Design: Controlled phase II trial with two cohorts entered sequentially.

Setting: Clinical trials center of Walter Reed Army Institute of Research, Washington, D.C.

Patients: Each of the two cohorts consisted of 12 normal adult volunteers who had not had malaria during the previous 2 years: 10 who received azithromycin prophylaxis and 2 controls who did not receive treatment.

Intervention: For cohort 1, prophylactic efficacy against liver infection alone during the initial 7 days of the infection was determined by loading participants with azithromycin before challenge with P. falciparum-infected mosquitoes on day 0 and by then giving the drug for 7 days after the challenge. The regimen was 500 mg on day 14 before the challenge, followed by 250 mg/d from day 13 before the challenge through day 7 after the challenge.
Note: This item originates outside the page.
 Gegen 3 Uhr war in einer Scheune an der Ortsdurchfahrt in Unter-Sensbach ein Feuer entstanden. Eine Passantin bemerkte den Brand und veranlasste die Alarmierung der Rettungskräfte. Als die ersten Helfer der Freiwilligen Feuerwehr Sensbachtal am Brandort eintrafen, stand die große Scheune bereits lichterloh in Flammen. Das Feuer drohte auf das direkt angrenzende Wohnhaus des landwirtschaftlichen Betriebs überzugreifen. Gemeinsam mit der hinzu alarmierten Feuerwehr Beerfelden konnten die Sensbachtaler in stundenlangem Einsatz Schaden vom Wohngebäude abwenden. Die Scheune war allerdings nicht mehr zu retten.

For cohort 2, prophylactic efficacy against both the liver infection and the subsequent blood infection was determined by continuing drug administration for 28 days after the challenge.

Measurements: Plasmodium falciparum infection was diagnosed through peripheral blood smears obtained up to 70 days after challenge. Malarial symptoms and adverse drug reactions were also monitored.
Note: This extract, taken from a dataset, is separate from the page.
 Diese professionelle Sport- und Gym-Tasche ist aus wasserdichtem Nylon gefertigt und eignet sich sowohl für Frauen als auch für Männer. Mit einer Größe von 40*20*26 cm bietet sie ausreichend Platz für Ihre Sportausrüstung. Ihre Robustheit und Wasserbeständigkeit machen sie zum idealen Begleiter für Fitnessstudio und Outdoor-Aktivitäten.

Results: In cohort 1, 4 of 10 volunteers who received azithromycin prophylaxis (40%) did not develop parasitemia. In cohort 2, none of the 10 volunteers receiving azithromycin prophylaxis (100%) developed parasitemia. For each cohort, both control volunteers became parasitemic on days 9 through 13 after the challenge. Adverse drug reactions were few and mild.

Conclusions: In this model, prophylaxis with azithromycin (250 mg/d) was partially effective against liver parasites and completely successful against the combination of liver and blood parasites. These data suggest that azithromycin has the potential to be an effective, well-tolerated clinical prophylactic agent for P. falciparum malaria.